State & Liberty
- Industry: Men's Apparel, e-Commerce, Retail
- Founded: 2015
- Founders: Lee Moffie, Steven Fisher
- Headquarters: Ann Arbor, Michigan
- Website: stateandliberty.com

= State & Liberty Clothing =

American clothing company

State and Liberty Clothing (styled State & Liberty or S&L) is an American clothing e-commerce company that specializes in athletic fit performance fabric menswear.
The company operates over 30 retail stores in the US and one in Canada.
The brand’s signature athletic-fit dress shirts are made from its Pro Performance Fabric, a 92% polyester and 8% Spandex blend that is lightweight, moisture-wicking, and very stretchy.

==History==
The company was founded in 2015 in Ann Arbor, Michigan, by University of Michigan friends Steven Fisher and Lee Moffie, the current joint CEOs of the company. Moffie and Fisher both graduated from the university, where they met through Order of Angell, a senior honor society at the university. The two decided to name the company after an intersection in Ann Arbor, in honor of the town.

Prior to founding, Moffie played professional ice hockey for the Denver Cutthroats and the South Carolina Stingrays following his four-year varsity letter (2009–13) with the Michigan Wolverines Ice Hockey under Red Berenson. Fisher’s background lies in business data analytics and complex systems, leading a data analytics initiative for the Detroit Tigers and working on various other projects for startups and larger organizations as a consultant.

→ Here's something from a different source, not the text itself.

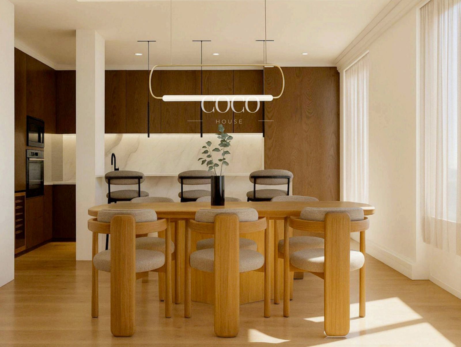 Con 154 m² construidos (138 m² útiles) y orientación sur, la vivienda disfruta de abundante luz natural durante todo el día. Su distribución actual ofrece espacios amplios y fluidos, con una clara separación entre las zonas social y privada. Destaca la cocina abierta con isla, integrada en un ambiente luminoso y acogedor junto al comedor y el salón.

State & Liberty was founded to solve the fit problem that athletic men have with off-the-rack dress shirts in traditional pure cotton. Inspired by Lululemon and athleisure apparel trends using manmade fabrics, the duo prototyped hundreds of fabrics and dress shirt fits on professional hockey players to accommodate their ‘V-shaped’ body type. Eventually, they created Athletic Performance Fabric (APF) and made dress shirts that fit athletic men.

==Products==
State and Liberty started as a fully self-funded small business. The company's product line includes athletic-fitting, moisture-wicking, and wrinkle-free dress shirts. In October 2016, State & Liberty launched a partnership with the Professional Hockey Players' Association.

In 2017, the company introduced multiple products, including a polo shirt, a long-sleeve polo shirt, and an overcoat. State and Liberty opened two pop-up locations in late 2017, one on Newbury Street in Boston, Massachusetts and one in Georgetown, Washington, D.C.

==Philanthropy==
State & Liberty supports Autism Speaks, sponsored by James van Riemsdyk, an NHL left winger for the Toronto Maple Leafs, by donating a portion of proceeds to the foundation. In mid-2016, State & Liberty launched "The Morgan" shirt to benefit the Jordan Morgan Foundation. Later in 2016, State & Liberty launched ‘The Matzka’ dress shirt in support of Scott Matzka and to raise money for research on ALS.